0:05:01.2 S4: And so that just sort of, kind of, led to more of that, and then I kind of fell into massage. I was planning on doing business, we called it consulting back then, not coaching, and I had started working with these two people who wanted to put together a health center. And there were no health centers at the time, this was the first one of its kind. And while I was still in college, and then once I graduated, we worked on this project, I wrote a business plan for them, together, they found over a million dollars worth of funding, and then once the money came in, it all became real and they just freaked out, and it was like, "Nope, we're not gonna do this." And I had just gotten out of college, and it's like, "Oh, my heart was broken." It was like, "I did six months on this project." And the interesting thing was, literally that week, I remember this to this day, three of my friends called me up and said, "Hey, Cherie, will you just work on my body, I'll pay you." [chuckle]
0:06:08.6 S2: It's a good sign.
0:06:11.6 S4: One door closes, a window opens. [chuckle] And so after about three years, and I was still doing massage, it was like, "I should probably go back to school and actually get trained." [chuckle] So that's what I did.
0:06:26.6 S2: Speaking of that minor freakout when the money came in, did that or something else inspire you to write your first book, Business Mastery?

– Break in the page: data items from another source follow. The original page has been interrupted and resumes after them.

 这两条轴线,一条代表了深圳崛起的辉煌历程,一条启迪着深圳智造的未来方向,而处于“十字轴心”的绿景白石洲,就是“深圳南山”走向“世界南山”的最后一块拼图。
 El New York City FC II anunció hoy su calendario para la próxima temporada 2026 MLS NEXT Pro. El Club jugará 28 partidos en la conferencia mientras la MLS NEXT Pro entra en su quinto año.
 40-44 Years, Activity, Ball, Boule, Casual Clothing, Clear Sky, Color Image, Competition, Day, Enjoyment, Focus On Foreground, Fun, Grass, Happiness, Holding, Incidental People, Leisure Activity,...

0:06:36.9 S4: Well, what started me to write my first book... I had been doing some consulting with this person, I'd done a lot of work with him, personal things as well as business things, and again, this is before we had lovely handy dandy computers and printers, [laughter] and so all my handouts were on typewriter, and I'd kept all these notes and he kept telling me, "Cherie, you should put this all into a book". And I'm like: "No, I'm not a writer". And so I'd kept all these notes in this notebook, and I had been doing some things. I started teaching at the Desert Institute of the healing arts here in Tucson. And it was frustrating for me because I had to spend so much time in a classroom, bringing people up to speed on basics, and what I wanted to do is spend that classroom time delving in and doing experiential activities. And there's always been good business books and back then the really popular ones were the guerilla marketing books. And those are great books, but they talk in terms of battles and wars and strategies, and those are not language terms that massage therapists resonate with. So I had guerilla marketing on one hand, and then I had Shakti Gawain's creative visualization on the other hand, and nothing in between. And so one day, I'm lamenting this and I open up my closet door in my office at home, and this notebook that was on the top shelf fell on my head.

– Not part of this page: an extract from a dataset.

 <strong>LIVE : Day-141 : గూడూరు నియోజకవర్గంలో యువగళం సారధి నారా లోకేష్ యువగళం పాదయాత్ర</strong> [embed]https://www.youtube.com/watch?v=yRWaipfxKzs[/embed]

0:08:06.8 S2: The universe really sends you great signs, I have to say.
0:08:10.6 S1: It does, it does.
0:08:13.1 S1: If I don't listen to them, they get louder.
0:08:15.9 S1: And a notebook on the head hurt, but it wasn't too bad. But yeah, so then it was just like, I was like: "Oh, okay, I guess it's time to write this book".
0:08:25.5 S2: Wow. What a great origin story for her. [laughter]
0:08:27.6 S1: Yeah.
0:08:30.4 S2: It's wonderful. And I have to say, I taught in core massage programs for years, and I taught business career marketing classes, and I used business mastery as our textbook. So thank you so much. I wanna say thank you for that. It's a great resource and tool. Students loved it. I loved it.
0:08:44.1 S1: Thank you.
0:08:46.0 S2: I'm curious, you've been really educating therapists in the business realm for so many years, what are the gaps that you see that are most common, what are the tools and information that therapists just aren't getting, that they're asking you about or asking for more of?
0:09:01.3 S1: Well, there's a couple of things. One is just general marketing. And I think that part of the problem is so many therapists, they just wanna do their work. They just wanna show up, do their work and move on, and the bottom line though is, even if you have a job, there's marketing involved, and so it's teaching them and hopefully, encouraging them to find ways that marketing reflects who they are. 'Cause I'm often asked the question of, "Well, what's the best marketing thing I can do?" And usually my first answer is the one you will do.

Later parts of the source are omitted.